Its 03:23 AM, and I can't sleep. Okay! Let's crawl Instagram


Today is Sunday, 21 Dec 2014, the time is 03:23 AM. Temperature in Pune this time is about 6 - 7 °C. This is relatively a cold night and it is always easy to fall asleep in winter. But wait, I am standing in the balcony because I couldn’t sleep, I was having random thoughts which in turn made new thoughts.

As I can’t just stand in the balcony, I checked almost every social networking apps on my phone.

Found Nothing interesting.

Why not channelize these random thoughts towards programming. Oh yeah!! why not crawl Instagram and try fetching information/pictures from public profiles.

Crawling Instagram

At first thought I found it very easier to fetch URL’s from insta profiles, and for profiles having less number of photos (20-30) it came out to be true. What I found challenging was fetching URLs from profiles which have many photos.

On the desktop version of Instagram’s site you need to scroll the page to body height to load the next page of photos, as we see in Facebook News Feed. Being a beginner in crawling it was very difficult for me to execute javascript from Python and that also not on a web browser. Scratching my head for a few seconds activated my neurons and the nervous system responded with a name Selenium. I had some previous knowldege of the Selenium webdriver, using it one can automate a browser(how cool is that). I searched for a Python based selenium module. a quick Google searched helped me.
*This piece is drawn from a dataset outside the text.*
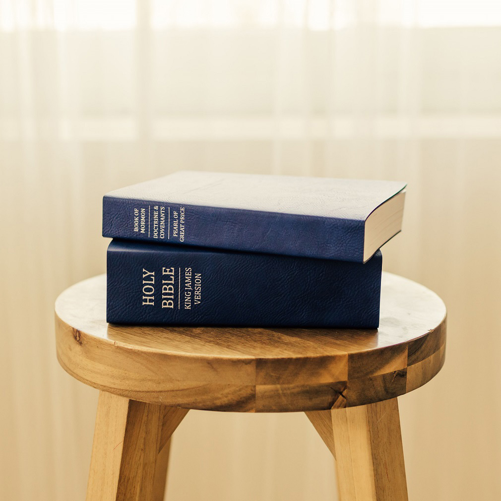 Enjoy beautiful color scriptures at an affordable price with our exclusive line of leatherette covered scriptures. Each combines high-quality, yet economical construction and materials to ensure every member of your family can have a set of scriptures they love. This basic leatherette triple features a classic blue color and silver engraving. Leatherette is a type of simulated leather made for custom engraving. Our classic designs and your personalization won't fade or smudge....

I was fortunate that I landed on this link Selenium with Python.

A few more minutes spent in the integration of Selenium webdriver added instacrawl.py to my list of Crawlers.

Where is the source ?

There are already so many Instagram crawlers/downloaders available, which are far better than mine. The only reason I feel mine is better is that its written by me.

End Notes :

  • Selenium WebDriver makes your program slow.
  • Sorry Instagram.